One of the Wonderland suspects was later linked to investigations in Operation Ore – a crackdown on paedophiles linked to creditcard transactions on a child porn website site called Landslide.
"One of the defendants had taken video pictures of himself raping his seven-year-old stepdaughter," recalls Sommer. "He divided them up into stills and put them on one of the websites that was at the heart of the Operation Ore investigations. The people who were running this were tried in Texas. But in Texas, you can only get a conviction if you can prove that this is a real child whose identity is known.
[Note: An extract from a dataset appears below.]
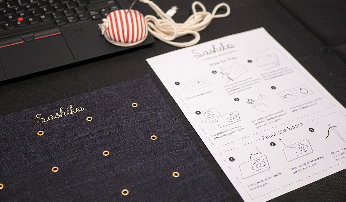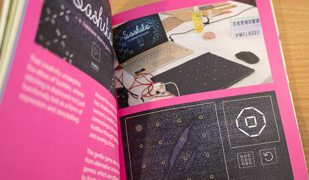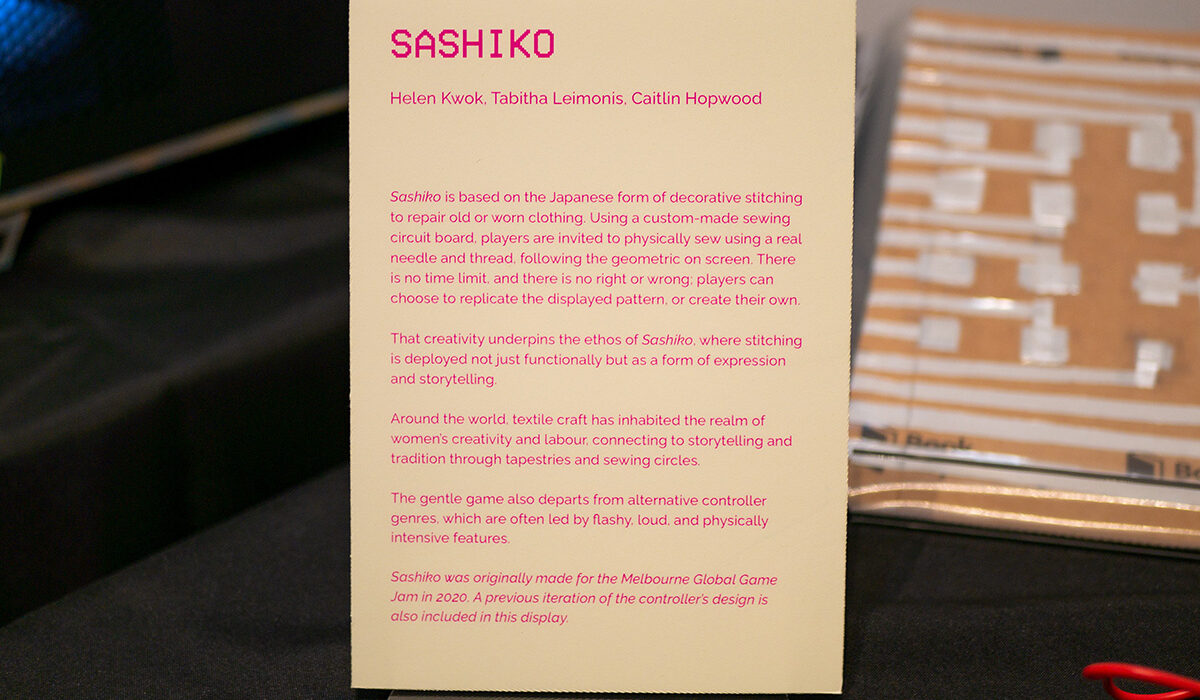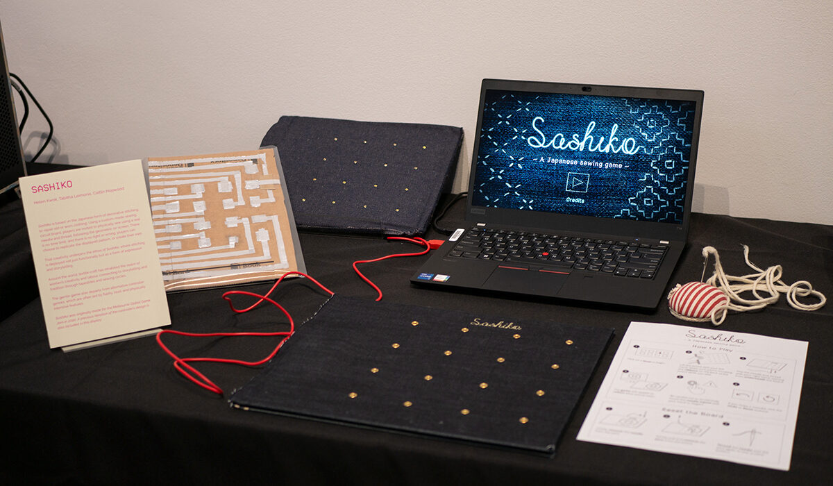 Featured on ABC Radio National program, Life Matters. Listen to our radio interview. Sashiko is a meditative sewing game based on the Japanese form of decorative stitching to reinforce or repair old and worn clothing, making it stronger and warmer. Players have to physically sew using a needle and thread on a custom-made sewing circuit board, following the geometric patterns displayed in the game. There is no time limit and there is no right or wrong. Players can choose to replicate the displayed pattern, or create their own. The sewing board is an alternative controller made from cardboard, denim and the Makey Makey. Sashiko was made as part of the 10th Melbourne Global Game Jam in 2020 in response to the theme REPAIR. The game was initially showcased to the public at the Community Play Party on 18 February 2020 at the South Melbourne Town Hall. The project was later exhibited with an updated controller as part of the Feminine Play exhibition from 4-18 October 2024 at Carlisle Street Arts Space, St Kilda Town Hall. Collaborators: Tabitha Leimonis (Programmer); Caitlin Hopwood (Sound Design)

A UK police officer had to go over to Texas and say: 'I know who this child is,' and that's what convicted him."
Earlier this year, the All Party Internet Group (APIG) asked Sommer for his advice on reforming the Computer Misuse Act (1990). As a lobbyist for the law in 1990, he was already familiar with the issues, and pushed for harsher sentencing and more power for the police.
In its report, APIG followed his guidance closely. But Sommer still thinks that the police are struggling to tackle cybercrime because the public are more worried about local crime.
"One of the dangers is that people in the IT community think the funding for the fight against cybercrime is separate from the resources for fighting crime in general," he asserts.
"But, of course, it comes out of the same pool. If you were to give the public a list of things that they wanted the police to do more of, but taxes remained the same, almost all of the things that interest [SC] readers would be very low on that list of priorities.
"People are worried about yobs, street crime and terrorism," he says. "Where does cybercrime come in? Once you get away from the obvious paedophile stuff and spam, a lot of the other stuff is of very little interest."
Sommer says his security philosophy extends to SC readers. He feels that firms have to be more cautious and get used to using self-defence.
"You have to look after yourself," he explains. "It's no good expecting the police to do something. One needs to make a contribution, and IT workers are just not doing that. You have got to learn how to collect evidence properly. Beef up your security. The police are not going to go patrolling around your system – it's difficult enough patrolling the streets.
"Part of your security planning is to know how to collect evidence through backup," says Sommer. "The second is to have a routine for where the evidence might be, and knowing how to preserve it when there's been an incident. But that's not saying that everybody needs a forensic technician. You need a first-aider, you don't need a brain surgeon."
Sommer's CV is impressive, but it appears there are not enough hours in the day for him. While he is a forensics examiner at the Royal Military College of Science, he also advises the FSA on e-commerce and lectures at the London School of Economics. But he has yet to find the time to complete the PhD that he began back in 1994.
"My personal problem is trying to reach a balance," he says. "The trouble with academia is that it doesn't pay terribly well. The expert witness stuff does, but can be very demanding. How do you get that balance? I haven't worked that out yet."